◆ **WHAT TO DO**
The whole listing that follows, pictures excepted, should be printed again exactly as given.

◆ **INFORMATION SHOWN**
........

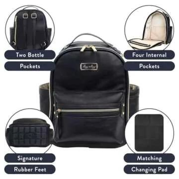 Itzy Ritzy Mini Diaper Bag Backpack – Chic Mini Diaper Bag with Changing Pad, 8 Total Pockets (4 Internal and 4 External), Grab-Top Handle and Rubber Feet (Black)
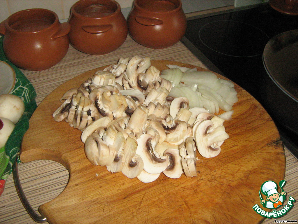 Пока тушится мясо, мы успеваем нарезать лук полукольцами, грибы слайсами.
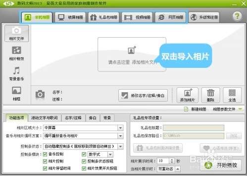 软件支持制作本机相册、锁屏相册、礼品包相册、视频相册、网页相册五大相册,你可以选择你需要制作的相册类型。如下图所示,双击软件中部,就可以将相片导入到相册内,然后就可以开始制作电子相册了(本文与制作本机相册为例子)。

........

◆ **YOUR SOLUTION**
 Itzy Ritzy Mini Diaper Bag Backpack – Chic Mini Diaper Bag with Changing Pad, 8 Total Pockets (4 Internal and 4 External), Grab-Top Handle and Rubber Feet (Black)
 Пока тушится мясо, мы успеваем нарезать лук полукольцами, грибы слайсами.
 软件支持制作本机相册、锁屏相册、礼品包相册、视频相册、网页相册五大相册,你可以选择你需要制作的相册类型。如下图所示,双击软件中部,就可以将相片导入到相册内,然后就可以开始制作电子相册了(本文与制作本机相册为例子)。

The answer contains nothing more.